Any existing medical problem that you have will continue to be covered under COBRA for the eighteen month period. Search around until you can find a company that will simply continue your policy if you don’t allow the coverage to lapse. If you do, you may be refused health insurance by all of the different companies.

In spite of the tremendous cost of individual plans, there is one bright spot. Everything you pay towards the insurance can be deducted from your income taxes. In this way you actually recuperate everything that you pay. Big businesses do this and now self employed people can, too.

It is very hard to find self employed health insurance at a reasonable price no matter what state you live in. If someone in the family has a health problem, it becomes even more difficult. The best way to find the best deal is by comparing policies and prices from many different companies.

With self employed medical coverage you can get health coverage for your family. With a small business employee health insurance plan you can get coverage for your employees as well as your family.

Group Medical Insurance Plans – Coverage Many Employers Offer

Friday, April 23rd, 2010

Group medical insurance plans are used by a lot of companies to insure their workers for medical coverage. The plans offer better premium rates mainly because the insurance policy providers can administer the coverage easier than private plans.

The insurance companies are also taking in more in insurance premiums so they can accept more of the risk of paying out medical claims. This does not mean that the system has not changed a lot in the past ten years.

But the times are changing even for the group insurance plans. This is mainly due to the rise in health care costs. The insurance companies are passing down the extra expense to the insured through higher premiums.

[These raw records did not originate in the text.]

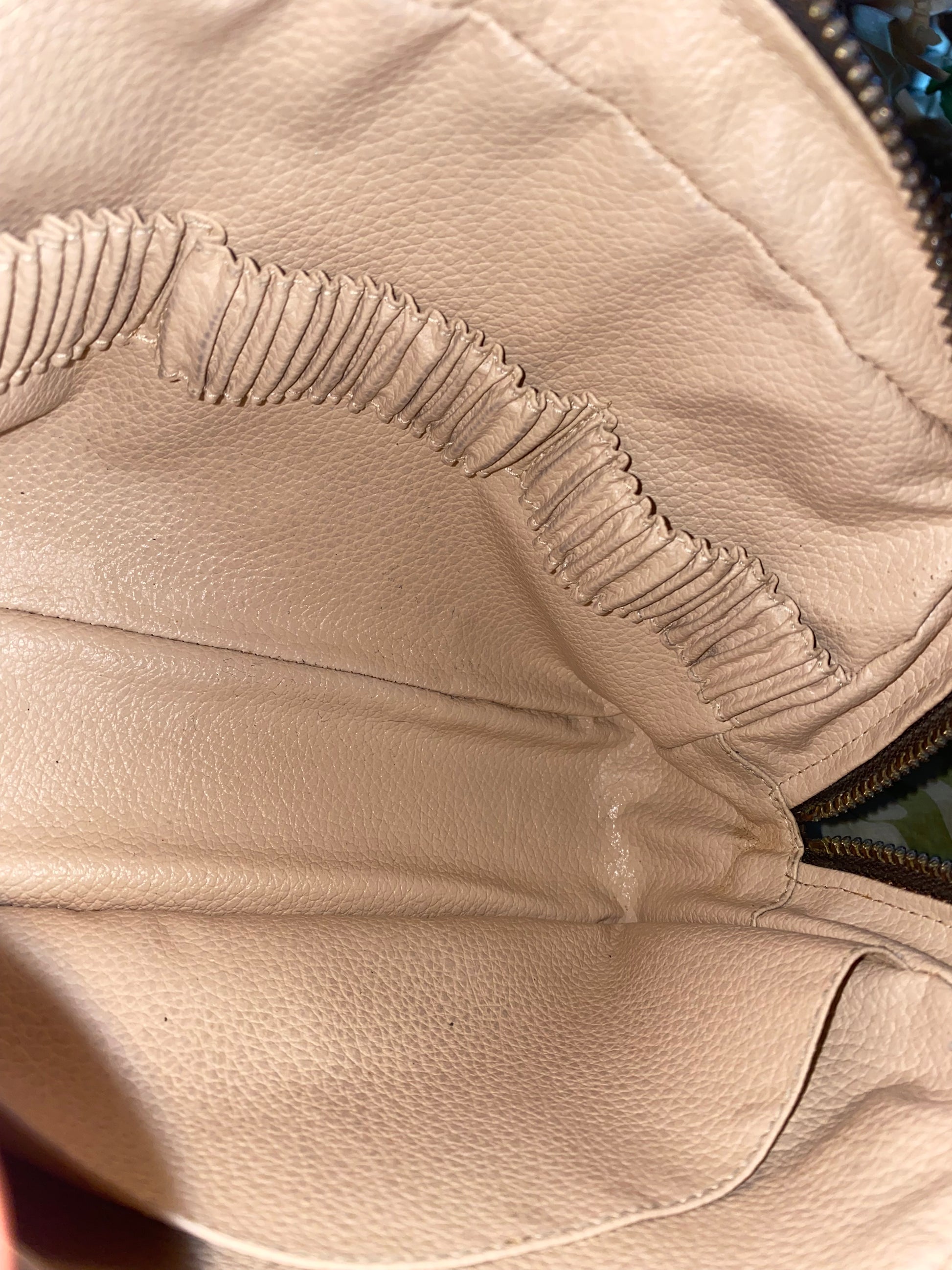 Thick vintage canvas is free of cracking or tears, corners are scuff free, zipper runs smooth, zipper has tarnish/metal discoloration, interior shows signs of normal use, no foul smells.
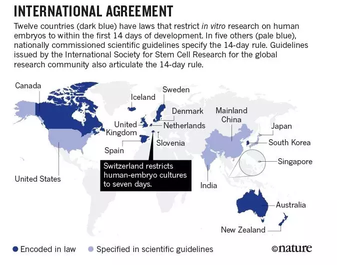 14天规则:科学家只能在不满14天的胚胎上进行实验。14天之前的人类胚胎还未分化出神经等结构,尚不具备人的特征,因此不涉及伦理问题。
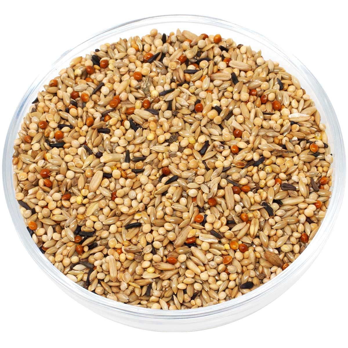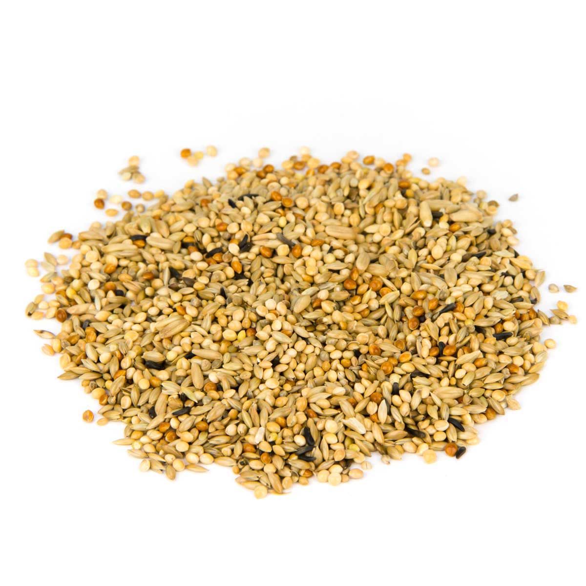 36,8 % mei galben, 33,8 % semințe lucioase, 12 % mei Senegal, 6,7 % mei roșu, 6,7 % fulgi de ovăz, 2 % mei japonez, 2 % semințe negre.
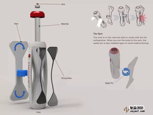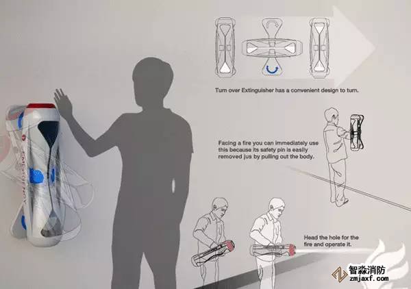 滅火器無論是在家庭還是在公共場所都是必不可少的物品,由于使用幾率不大,所以很少有人會注意到它。說實話,很多人見到這個東西都會緊張,怕操作錯誤,而且現在的滅火器看起來確實不那么易懂。最重要的是,打開滅火器的那幾秒鐘很可能意味著生與死。那么來看看設計師們是怎么來創新它的吧。
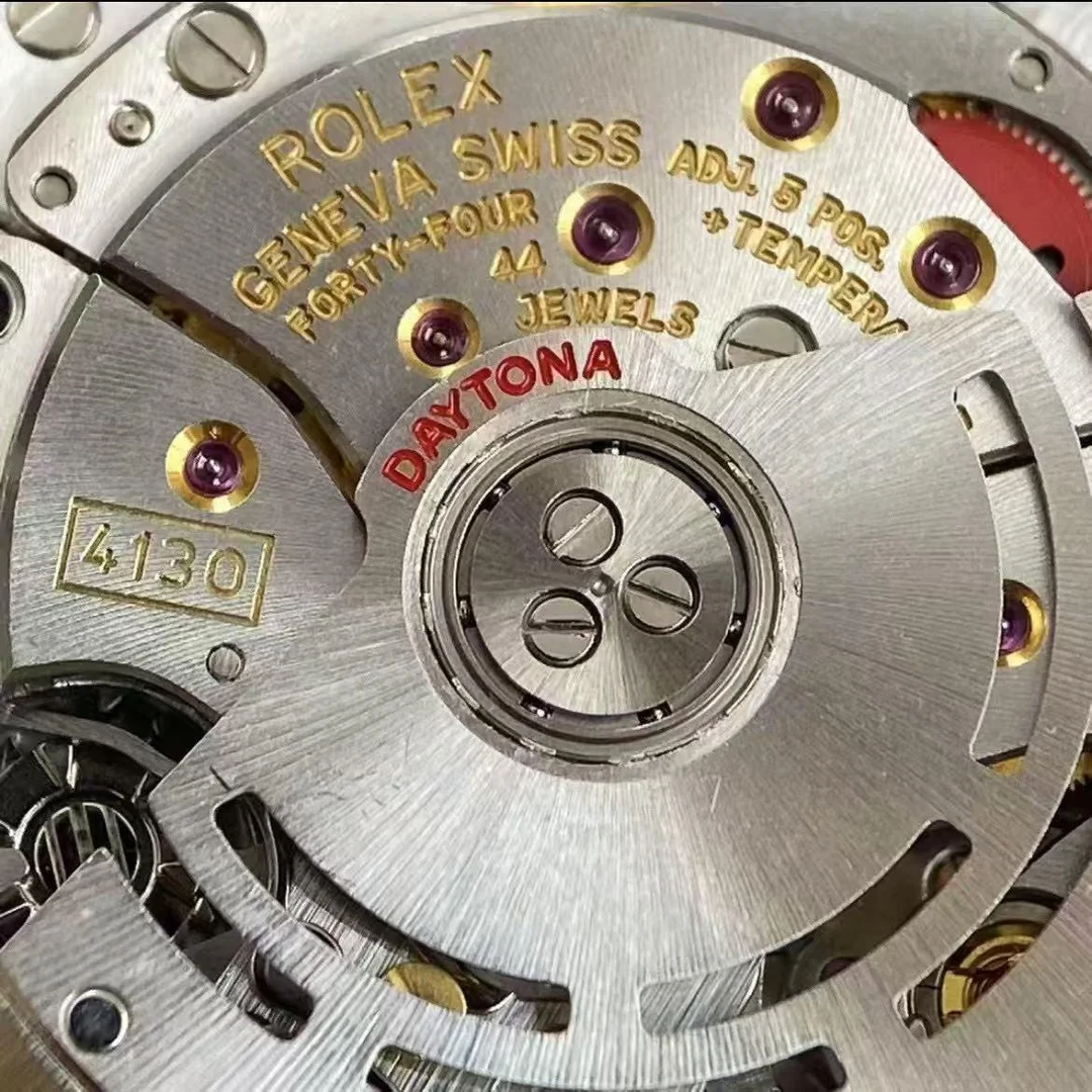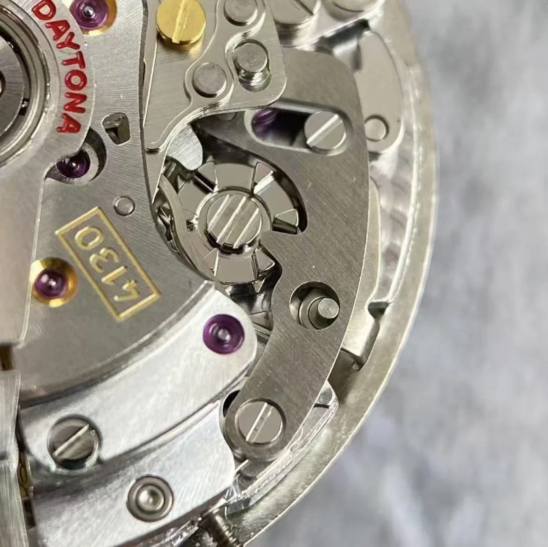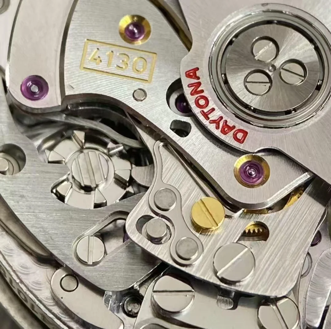 Чтобы понять масштаб события, нужно вспомнить прошлое. Ранние реплики Daytona использовали механизмы на базе популярной платформы 7750. Сама по себе эта платформа была вполне надежной и проверенной временем, но для хронографов Daytona требовалась иная компоновка. Механизмы 7750 имели высоту около 7.9 мм, из-за чего корпуса реплик получались толстыми — до 14.5 мм, тогда как оригинальная Daytona всегда славилась своим изящным профилем. Появление качественной версии 4130 с высотой механизма всего 6.5 мм стало настоящим прорывом. Именно этот тонкий калибр позволил уменьшить толщину корпуса реплик до 12.2 мм — в точности как у оригинала. Вдобавок 4130 получил полноценный двусторонний завод ротора, запас хода 70 часов и тихую, плавную работу. Все это вывело реплики Daytona на принципиально новый уровень, приблизив их к оригиналу по всем ключевым параметрам.

With the companies having a drop in their profits from lower sales they are not paying the higher premiums but instead passing on the increase to their employees.

Many companies are requiring employees to pay the total premium for family members their workers want to add to their coverage. And many companies are increasing the amount the worker has to pay from their pay check to cover the insurance plan.

Some people stay with their company not so much because they like working at the job but because they need to medical coverage. Even if the company raises their payroll contributions they have to stay because of their medical condition or because they do not want their family to go without insurance.

However you can still find those brave souls who venture out on their own. They start their own company. For them if they have a company of two to fifty employees they can look at a small group plan. These days the group insurance plans are on a lot of people’s minds for a lot of different reasons.

Get group health insurance rates online, where you can get instantly get free group health insurance quotes which lets you compare your coverage options. By offering group health insurance coverage to your employees, you give them a benefit they highly desire.